Canadian Dollar Stalls GBP/CAD after BoC Raises Cash Rate

 

"While CPI inflation has come down largely as expected so far this year, the downward momentum has come more from lower energy prices, and less from easing underlying inflation" - Bank of Canada. 

 

Image © Bank of Canada

The Canadian Dollar rose to change hands at new intraday highs while weighing on GBP/CAD in midweek trade after the Bank of Canada (BoC) cited signs of "more persistent excess demand in the economy" for raising the cash rate to five percent and keeping its options open for the months ahead. 

Canada's economy has outperformed Governing Council expectations in recent months with consumption growing faster than imagined at the time of the April forecast round while inflation pressures have been slower to recede in the domestic services sector than had been anticipated.

"While the Bank expects consumer spending to slow in response to the cumulative increase in interest rates, recent retail trade and other data suggest more persistent excess demand in the economy," the Governing Council said in a statement

"We will be evaluating whether the evolution of excess demand, inflation expectations, wage growth and corporate pricing behaviour are consistent with achieving the 2% inflation target. The Bank remains resolute in its commitment to restoring price stability for Canadians," it concluded. 

The BoC raised the cash rate from 4.75% to 5% on Wednesday in what was a modest upside surprise relative to the levels prevailing in the overnight index swap market, and one that erases the yield premium Sterling had enjoyed since the Bank of England (BoE) raised Bank Rate to 5% last month


Above: Pound to Canadian Dollar rate shown at 15-minute intervals alongside USD/CAD. 



 

Rates asked and offered in the swap market had implied around a two-thirds probability of an increase this week and an even higher risk of one further uplift by year-end.
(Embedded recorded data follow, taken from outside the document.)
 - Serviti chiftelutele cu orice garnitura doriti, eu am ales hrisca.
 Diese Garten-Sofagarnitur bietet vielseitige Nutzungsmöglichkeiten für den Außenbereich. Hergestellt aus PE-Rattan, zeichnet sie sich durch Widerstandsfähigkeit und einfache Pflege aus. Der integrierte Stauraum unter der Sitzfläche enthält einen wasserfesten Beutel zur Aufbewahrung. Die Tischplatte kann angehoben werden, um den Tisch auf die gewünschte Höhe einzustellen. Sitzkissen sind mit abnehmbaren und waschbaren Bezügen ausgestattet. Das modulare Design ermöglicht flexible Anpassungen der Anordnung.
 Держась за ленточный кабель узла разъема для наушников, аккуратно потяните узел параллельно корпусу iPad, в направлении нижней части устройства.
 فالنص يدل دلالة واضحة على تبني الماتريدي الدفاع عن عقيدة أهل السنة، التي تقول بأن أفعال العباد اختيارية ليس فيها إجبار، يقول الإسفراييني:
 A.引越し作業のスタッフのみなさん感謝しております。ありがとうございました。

"A continued hawkish tone within today's statement suggests that risks are skewed towards another hike after the summer," says Andrew Grantham, an economist at CIBC Capital Markets, in a note following the decision. 

"However, after setting their forecasts for GDP growth quite low in prior MPR's, the bar set in today's updated forecast doesn't seem quite as low," he adds. 
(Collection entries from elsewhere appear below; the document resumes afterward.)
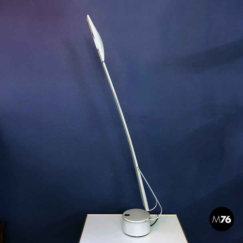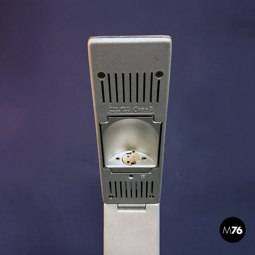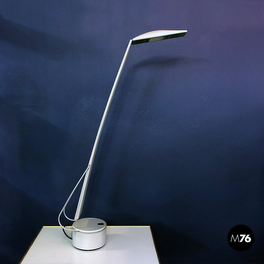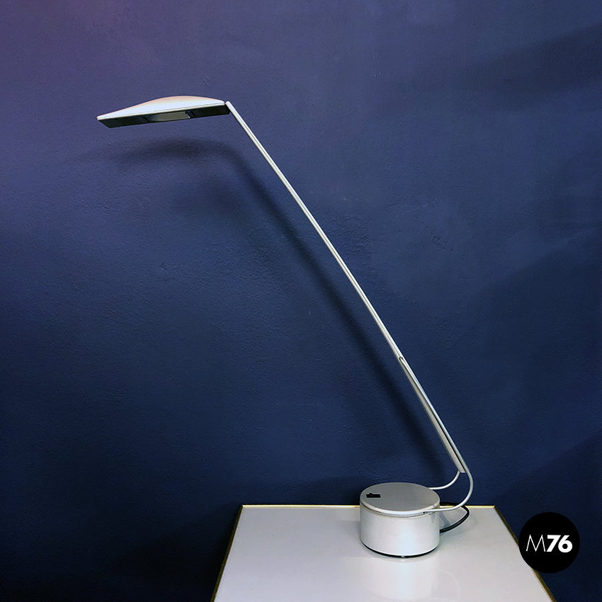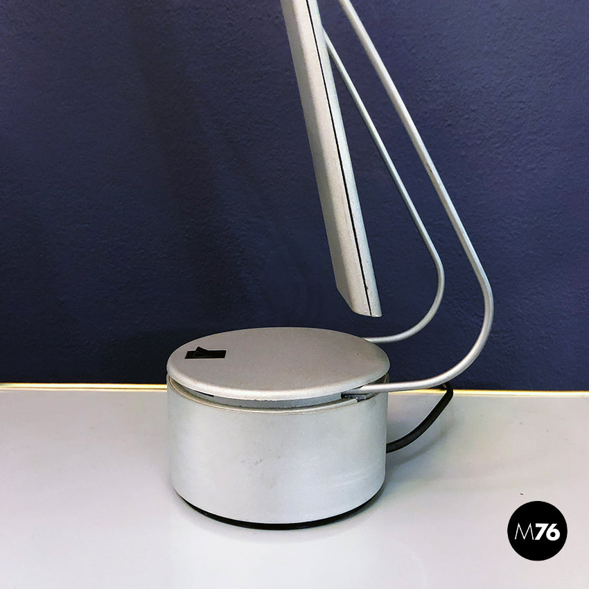 Lampada da tavolo regolabile, con struttura in plastica e snodi in metallo.
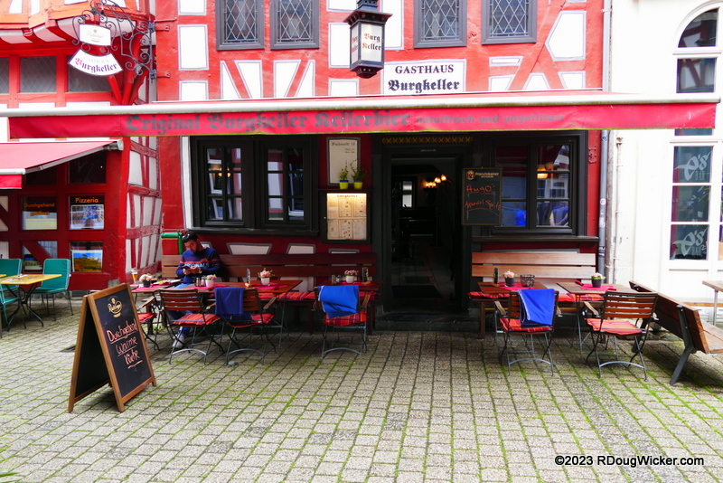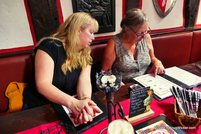 After a busy morning of sightseeing, it was time for the three of us to stop for lunch. We’d seen several possibilities along the, but this rustic place had convinced us to come back and give it a try. So, trekking back into Old Town to where Domstrasse T-bones into Fischmarkt, we found our way back to Gasthaus Burgkeller. The actual address is Fischmarkt 10, in case you’re wondering… or wandering, as the case may be. Whichever it is, we can highly recommend this establishment for refueling the legs and lubricating the joints.
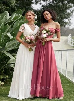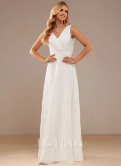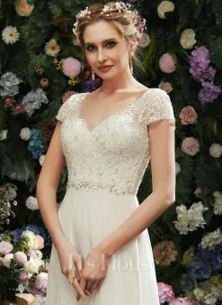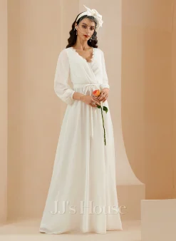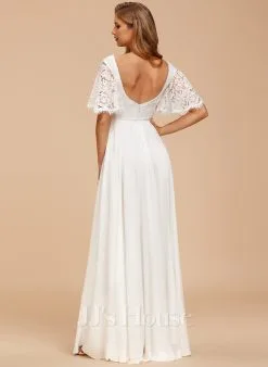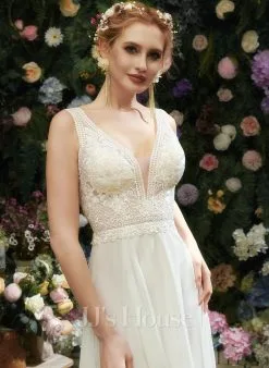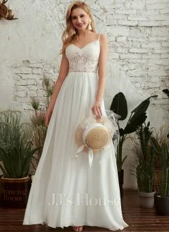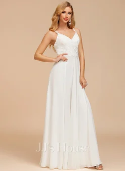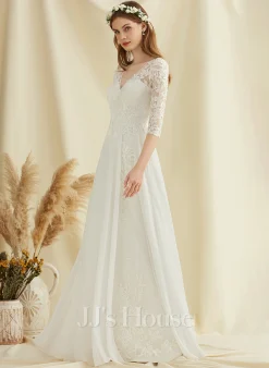 JJsHouse Robe Trapèze Col V Longueur Ras Du Sol Mousseline Dentelle Robe De Mariée Avec Brodé
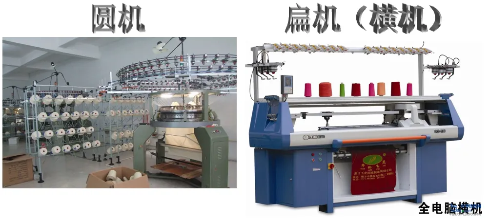纬编机:一般是圆筒机和扁机(横机),圆筒机又分为单面机和双面机,单面机分为平纹布,双位衣机,毛巾机,吊线机,自动间机及提花机;双面机分为互锁机,罗纹机,自动间机和提花布。
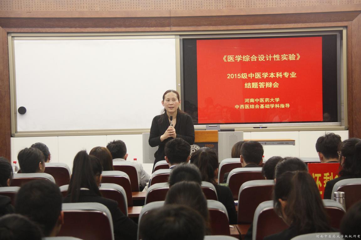 答辩结束后,中西医结合基础学科主任杨丽萍教授对答辩情况进行了总结。她肯定了《医学综合设计性实验》课程项目答辩过程中同学们的表现,鼓励同学们进行更多有意义的医学科研项目探索,提高科研综合素养,以推动中医药科研事业的发展;同时也激励带教老师再接再厉,全面调动学生科研创新的积极性和科研项目的执行能力,争取设立更多有意义的科研项目,同时要推动项目成果落地生根,转化为科研论文、发明专利等实效内容,争取在各级各类创新创业项目申报中取得更好的成绩。
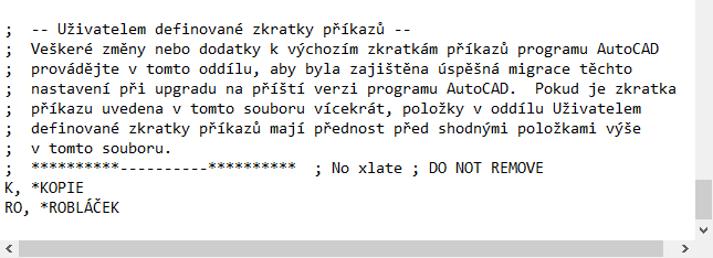 Tento řádek v souboru definuje A jako zkratku příkazu OBLOUK.
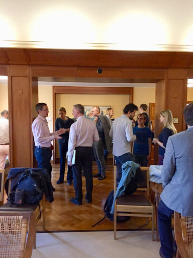 The session before noon included presentations by Johannes Abeler, Associate Professor in Economics, University of Oxford and Vincent Crawford, Drummond Professor of Political Economy, University of Oxford. Prof Abeler presented a new project building on his previous work on tax incentives. Prof Crawford presented part of his research on the role of coordination and natural-language communication in relationships.
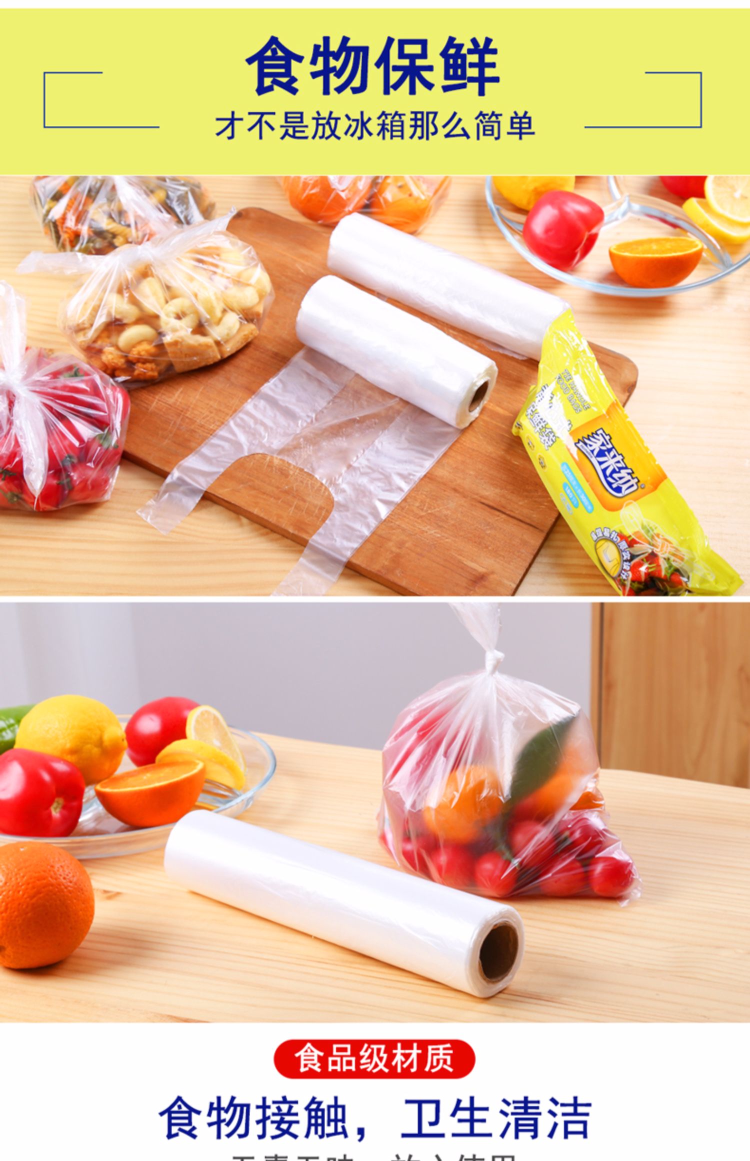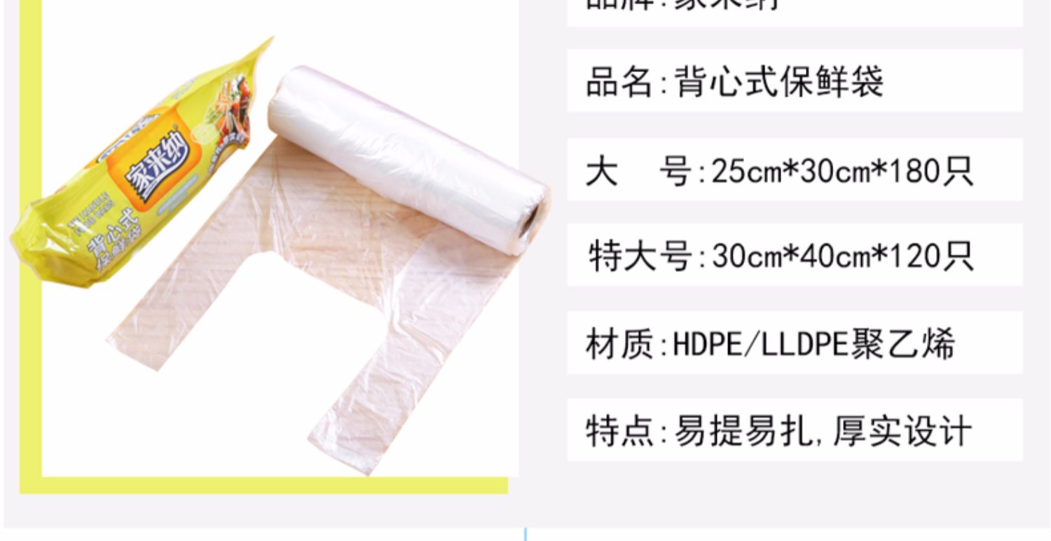 第二件半价,第三件0元,家来纳保鲜袋,食品家用一次性超市加厚,蔬菜水果大号经济背心式平口,赠运费险

Grantham says Wednesday's new forecasts are more likely to be underperformed than they are outperformed and expects this kind of development would see the cash rate left unchanged from here onward, leaving much to be determined by the data emerging in the weeks and months ahead. 

Wednesday's increase was the second since January's "conditional pause" of the monetary tightening cycle was interrupted in June when the BoC raised the cash rate from 4.5% to 4.75% after a flurry of economic figures led the bank to worry about inflation persisting at too high levels. 


Above: Pound to Canadian Dollar rate shown at daily intervals alongside USD/CAD. 



 

"In light of the accumulation of evidence that excess demand and elevated core inflation are both proving more persistent, and taking into account its revised outlook for economic activity and inflation, Governing Council decided to increase the policy interest rate to 5%," the BoC said on Wednesday.

Statistics Canada said just last Friday that employment rebounded from an earlier slump in June while in the prior week, it announced a pick-up in retail sales during April that helped the economy make a strong start to the second quarter.

But most importantly of all for the BoC, inflation has not yet fallen far enough for Governing Council members to be confident of it returning to the 2% target sufficiently soo, though it has made more progress toward its inflation target than many others including the Bank of England. 

"While CPI inflation has come down largely as expected so far this year, the downward momentum has come more from lower energy prices, and less from easing underlying inflation," the BoC said on Wednesday. 

"With the large price increases of last year out of the annual data, there will be less near-term downward momentum in CPI inflation. Moreover, with three-month rates of core inflation running around 3½-4% since last September, underlying price pressures appear to be more persistent than anticipated," it added.